I can see that for 2*3*5....If I multiply that by 2......The number of relative prime pairs, as it were......are indeed calculated from (3-2)*(5-2) = 3.

Can you show your work in detail? I still don't understand the basic question.

2*3*5 = 30. Multiply that by 2 and you get 60. Please explain the rest because I totally do not understand what we are doing here. Where did the -2's come from, that hasn't been part of your exposition.
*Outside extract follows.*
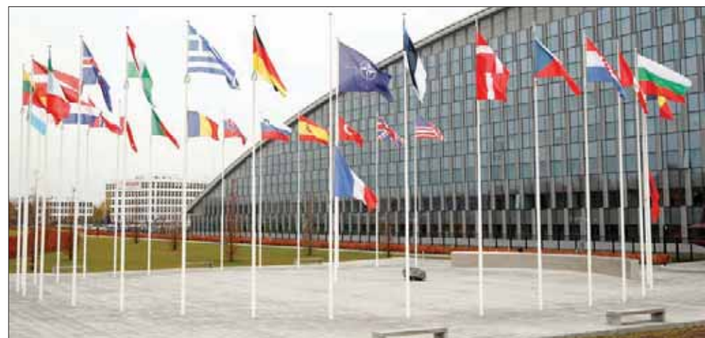
أعلام أعضاء حلف الناتو أمام مقره الرئيسي في بروكسل

أنه في ظل قيادة الرئيس شارل ديغول انسحبت فرنسا من الجانب العسكري للناطو وأعلنت قواعد الحلف على الأراضي الفرنسية. واستأنفت فرنسا العضوية الكاملة في الحلف تحت إشراف الرئيس جاك شيراك. ويعتبر اتحاد الدفاع الأوروبي الذي يعتبر في جوهره شراكة فرنسية - ألمانية، الخطوة الأولى لهذه التحولات. والأهم من ذلك، أطلق الاتحاد الأوروبي مبادرة «امن أوروبا وهويتها الدفاعية» كإطار عمل لبناء تحالف عسكري كامل من جميع الدول الـ 27 الأعضاء (ما عدا بريطانيا).

ps -- Ok I totally don't get this. Pairs that sum to 60 and have no divisors among 2,, 3, 5: I get

1,59

11,49

13,47

17, 43

That's already four, eight if you distinguish order, and there are plenty more. So please explain clearly what you are doing.  Others are

19, 41

23, 37

29, 31

That's a total of 7, times 2 to account for order as you said earlier, so there are 14 pairs that satisfy your requirement, not 3.

33 minutes ago, Tinacity said:

Similarly for 4*3*5*7.....Finding the number of prime or relatively prime pairs from (3-2)*(5-2)*(7-2) = 15

Where do these -2's come from? In one example earlier you had 17-2 as a factor but that's not prime. Maybe it's just me but I do not understand what is being calculated. Can you work out a complete example, a simple one? Apologies if I'm being dense and this is obvious to everyone but me.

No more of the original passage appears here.